Provenance query results in Node disconnect from cluster

classic Classic list List threaded Threaded
3 messages Options
Reply | Threaded
Open this post in threaded view
|

Provenance query results in Node disconnect from cluster

Mark Bean
We are seeing cases where a user attempts to query provenance on a cluster.
One or more Nodes may not respond to the request in a timely manner, and is
then subsequently disconnected from the cluster. The nifi-app.log shows log
messages similar to:

ThreadPoolRequestReplicator Failed to replicate request POST
/nifi-api/provenance to {host:port} due to
com.sun.jersy.api.client.ClientHandlerException:
java.net.SocketTimeoutException: Read timed out
NodeClusterCoordinator The following nodes failed to process URI
/nifi-api/provenance '{list of one or more nodes}'. Requesting each node
disconnect from cluster.

We have implemented a custom authorizer. For certain policies, additional
authorization checking is performed. Provenance is one such policy which
performs additional checking. It is surprising that the process is taking
so long as to time out the request. Currently, timeouts are set as:
nifi.cluster.node.read.timeout=10 sec
nifi.cluster.request.replication.claim.timeout=30 sec

This leads me to believe we are thread-limited, not CPU-limited.

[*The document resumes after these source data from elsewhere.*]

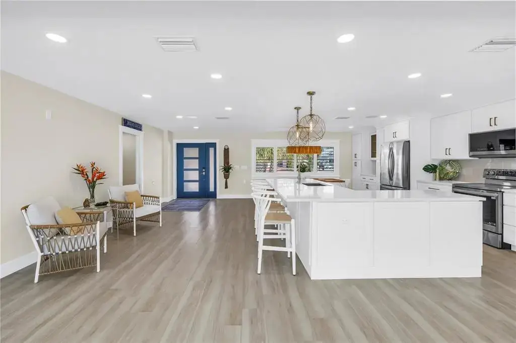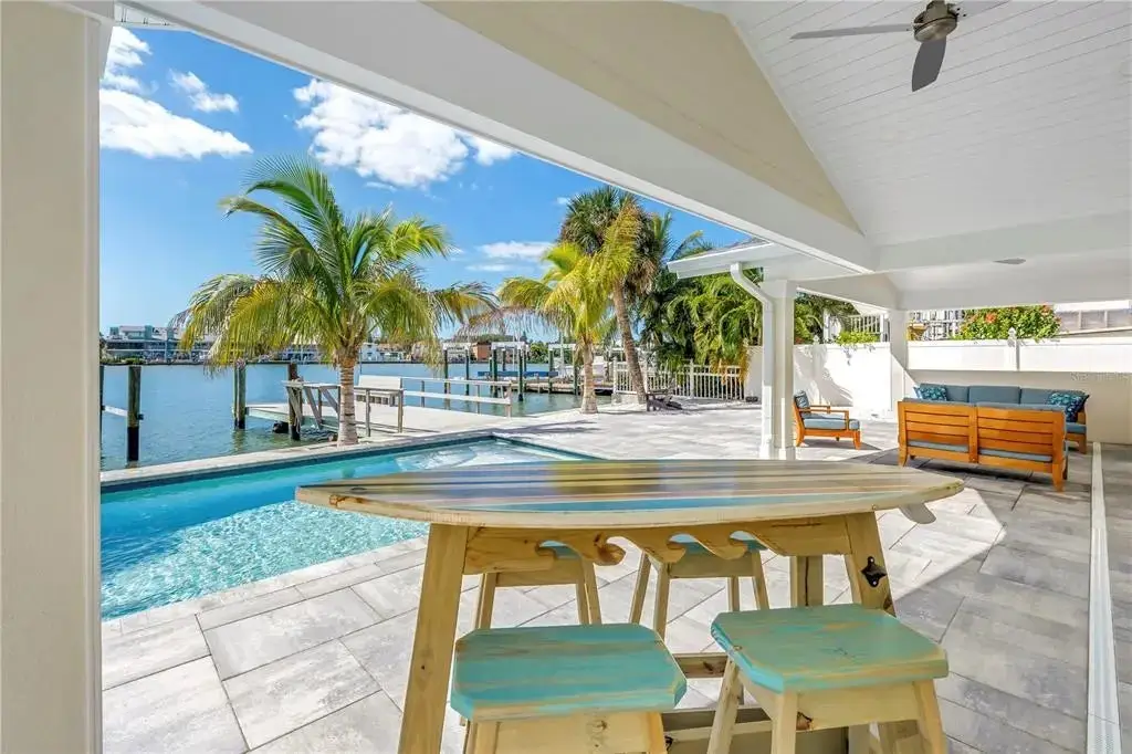 Under contract-accepting backup offers. One or more photo(s) has been virtually staged. Experience the pinnacle of waterfront living in this beautifully updated 3-bedroom, 3-bathroom home on a quiet inlet, leading directly to the Intracoastal Waterway. Perfect for boaters, this property features its own private dock and easy access to open water. Adding to the full oasis experience, the stunning saltwater PebbleTec pool and spa glisten in the backyard, surrounded by tropical landscaping. Inside, you’ll find a fresh and modern interior with brand new ceramic tile flooring, new stainless steel kitchen appliances, sleek quartz countertops, and plantation shutters that allow for plenty of natural light. The home is completely move-in ready, featuring newer sliders and windows, a new roof, new hot water heater, new air handler, and new water softener. Enjoy relaxing on the covered back patio overlooking the water or take a short stroll to the powdery sandy beaches to catch sunset. Located in the heart of Indian Rocks Beach, this vibrant coastal community offers a laid-back yet thriving atmosphere with fantastic restaurants, beach bars, and charming local boutiques just minutes away. This move-in ready home combines modern updates, waterfront tranquility, and the best of coastal living.
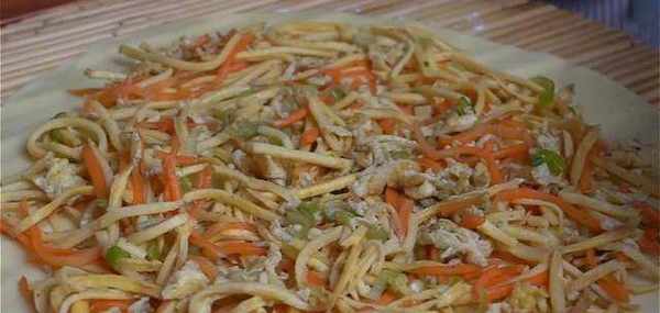 12.在面上鋪上一張面片,把剩下的餡料鋪均勻即可。
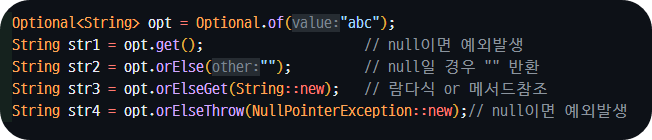 ❗Optional.of(null)로 생성시 NullPointerException이 발생하므로 비권장.
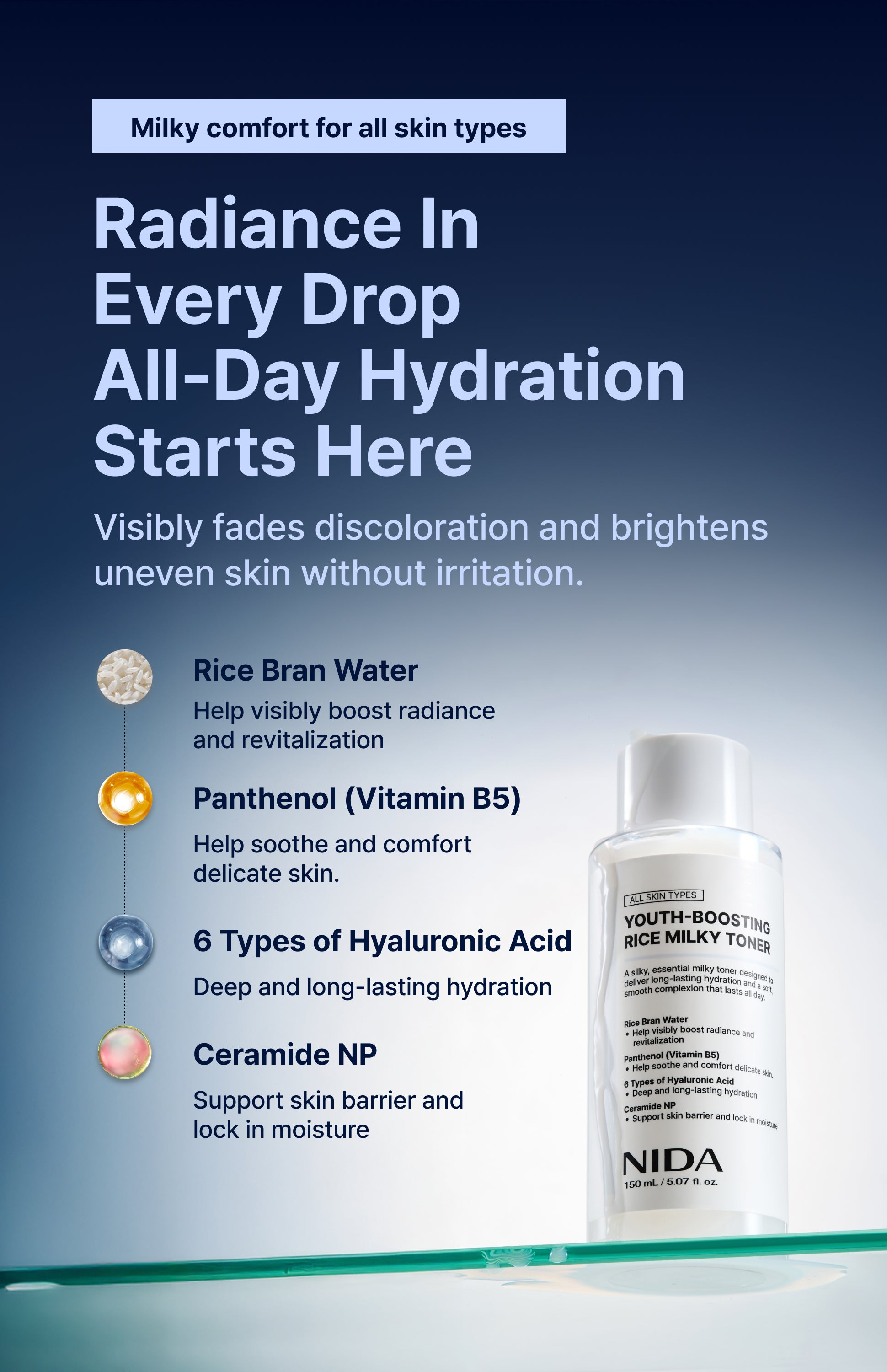 Vitamin-rich rice bran water revives dull skin and brings back your natural glow.
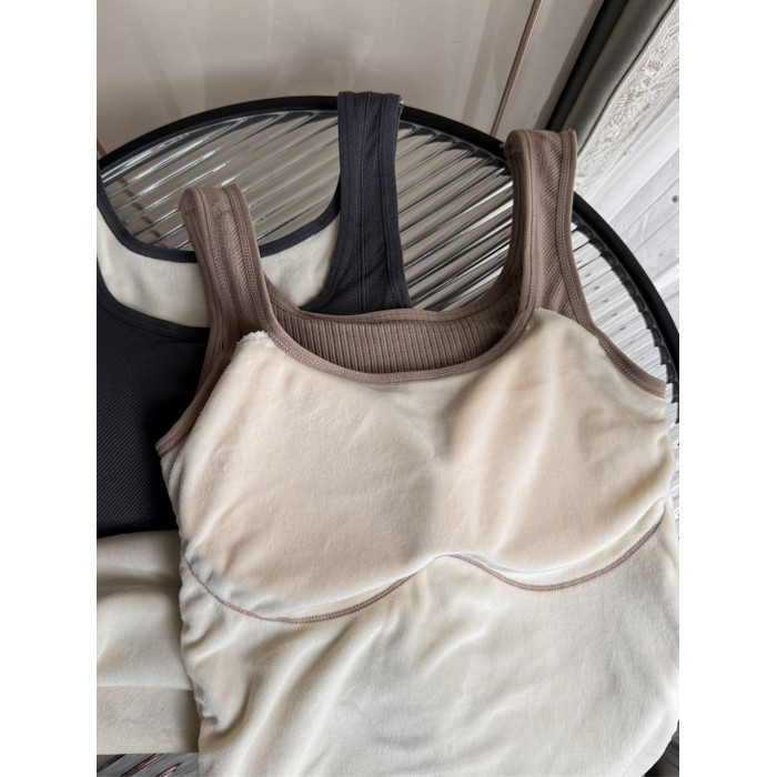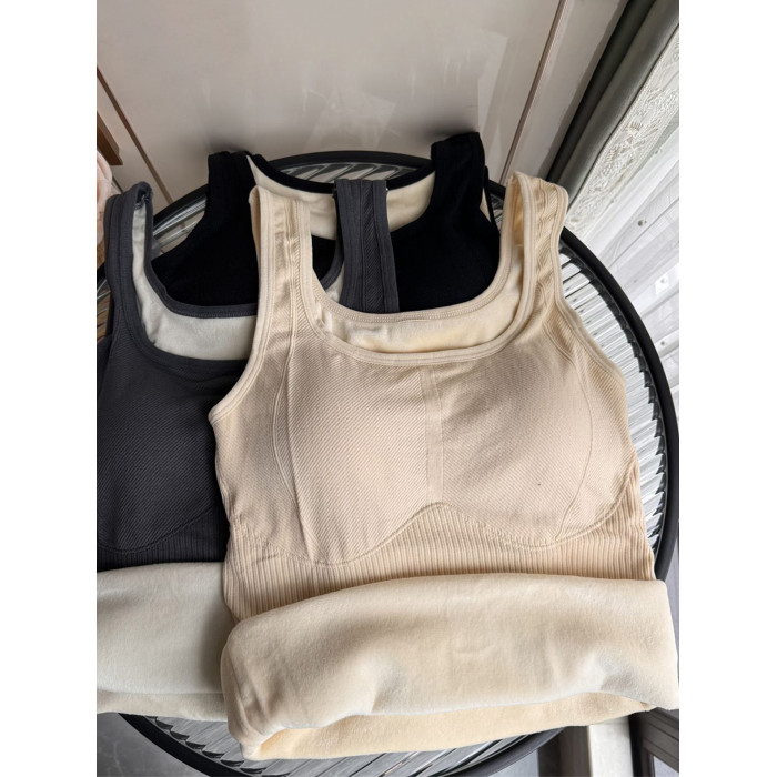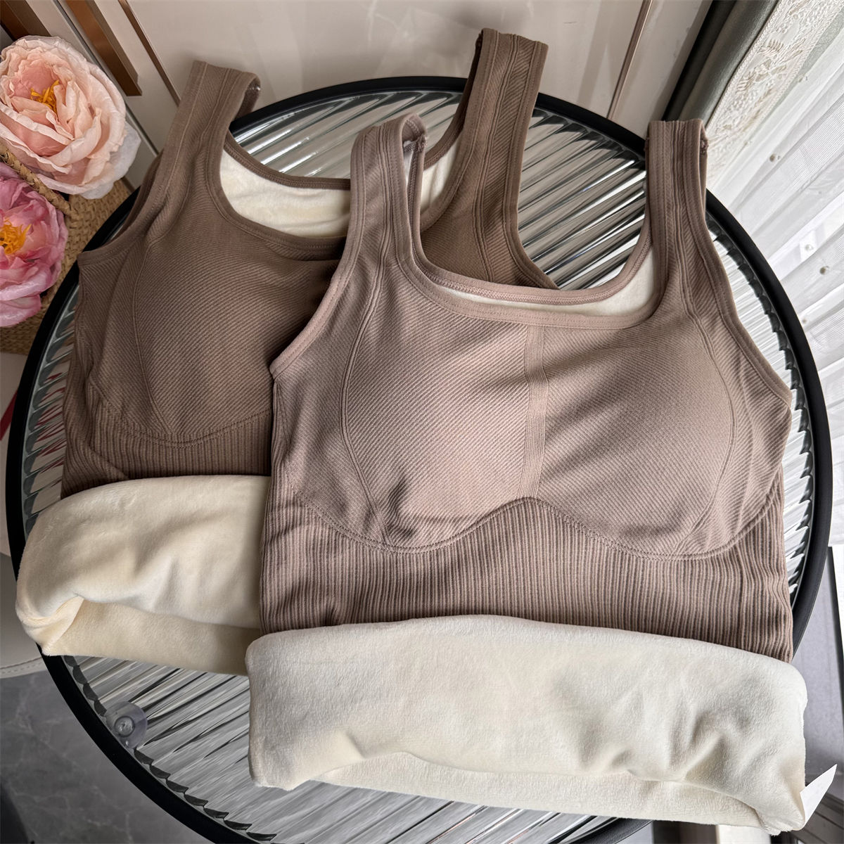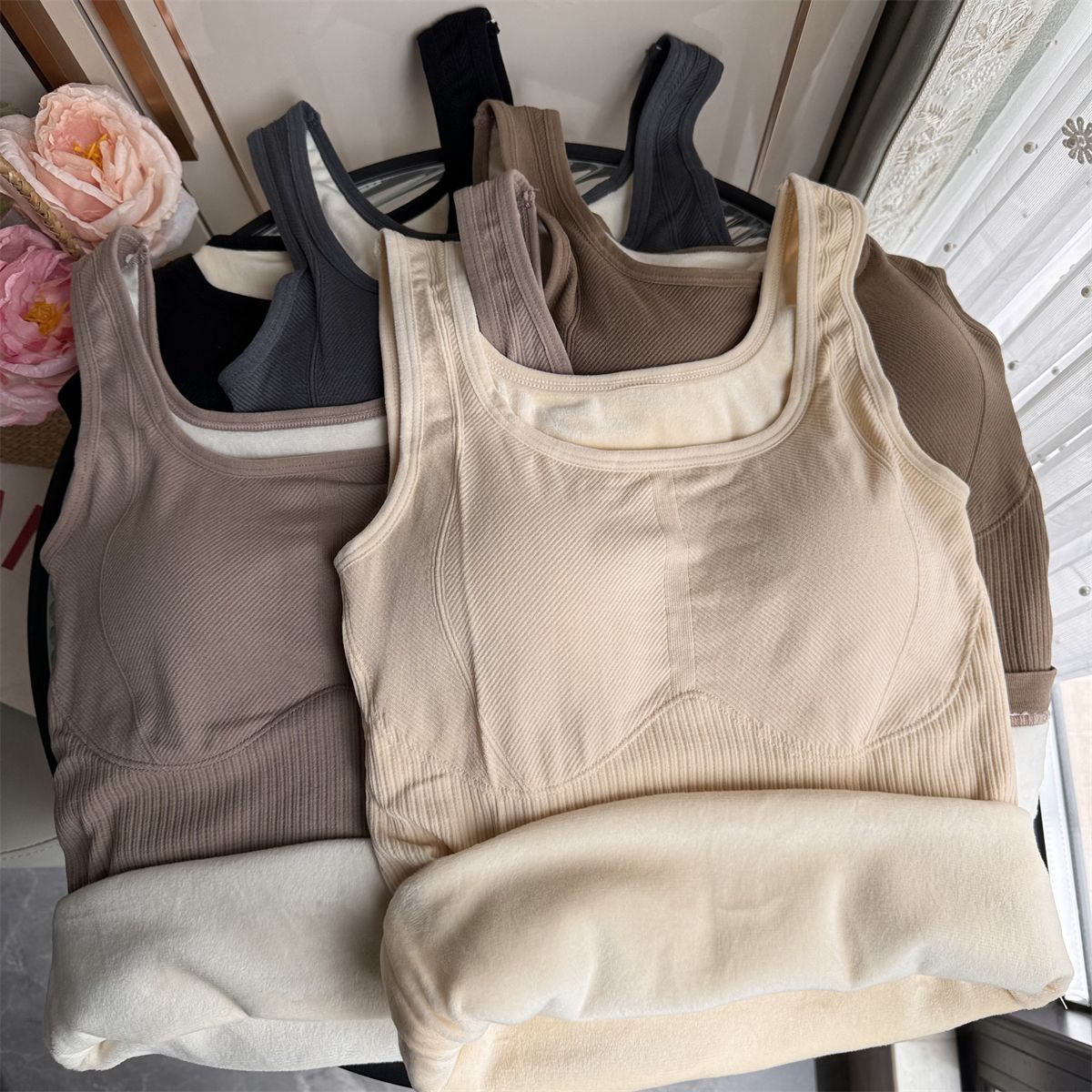 保暖吊帶背心女加絨加厚美背帶胸墊修身顯瘦打底無袖上衣女秋冬季
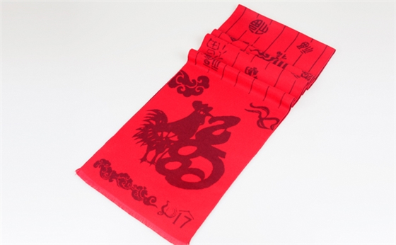龍翔福字紅圍巾款式多樣。招財進寶,福祿壽喜等多個福字紅圍巾一直都是龍翔在過年前和年后前期著重生產(chǎn)的紅圍巾。2017年的雞年更是龍翔的主打提花紅圍巾,為2017年增添了更加紅火的感覺。
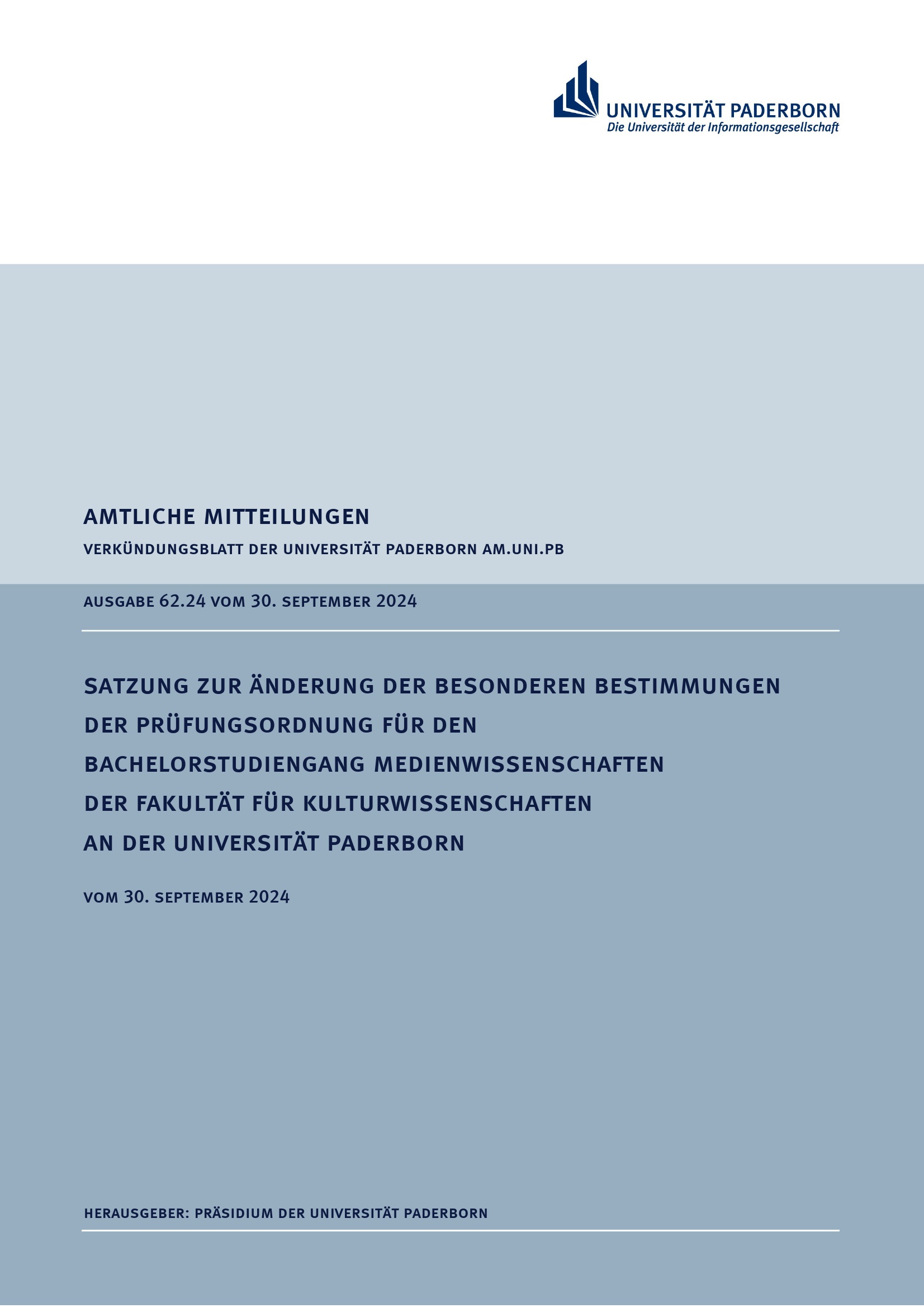 Satzung zur Änderung der Besonderen Bestimmungen der Prüfungsordnung für den Bachelorstudiengang Medienwissenschaften der Fakultät für Kulturwissenschaften an der Universität Paderborn : vom 30. September 2024
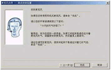 。2)現(xiàn)在你看到的是"安放麥克風(fēng)"對(duì)話框(如圖5所示),如果你沒有使用頭戴式麥克風(fēng),那么就可以點(diǎn)擊"完成"按鈕。
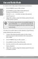 Aux and Radio Mode To listen to the radio, please follow these instructions: English 1. Press POWER to turn on the system. 2. Press MODE to select AM or FM radio band. Frequency will display on screen. 3. Use the [ + ] or [ – ] controls to select the desired radio frequency. 4. Adjust the volume using the Volume pad on the unit or the remote control. To scan up or down for the next available frequency, press and hold the [ + ] / [ – ] controls for approximately one second.
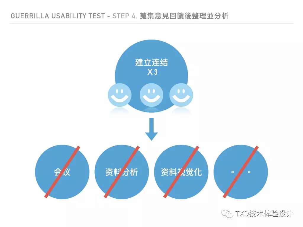 游击测试无须像一般用户访谈一样需搜集适量反馈后开始进行讯息整理并着手调整,大约与三名用户接触并获得反馈后即可“当场”修正其原型,特别要注意的点是,无须进行小组讨论、无须讲资料进行严谨分析,无须将资料视觉化。
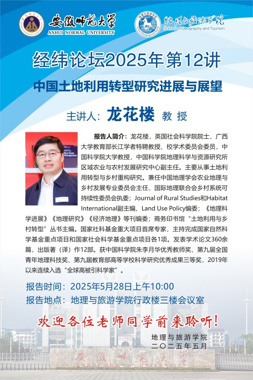【学术预告】经纬论坛第78讲:中国土地利用转型研究进展与展望

In this scenario, what threads are involved? Would
nifi.cluster.node.protocol.threads (or .max.threads) be limiting the
processing of such api calls?

Is the api provenance request(s) limited by
nifi.provenance.repository.query.thread?

Are there other thread-related properties we should be looking at?

Are thread properties (such as nifi.provenance.repository.query.threads)
counted against the total threads given by nifi.web.jetty.threads?

Thanks,
Mark
Reply | Threaded
Open this post in threaded view
|

Re: Provenance query results in Node disconnect from cluster

Mark Payne
Mark,

By and large, when you run into issues with timeouts on cluster replication, in my experience, the culprit
is usually Garbage Collection. So it may be that you are not thread-limited or CPU-limited,
or resource limited at all, just that garbage collection is kicking in at an inopportune time. In such a situation,
my suggestion would be to use a nifi.cluster.node.read.timeout of say 30 seconds instead of 10, and to
look into how the garbage collection is performing on your system.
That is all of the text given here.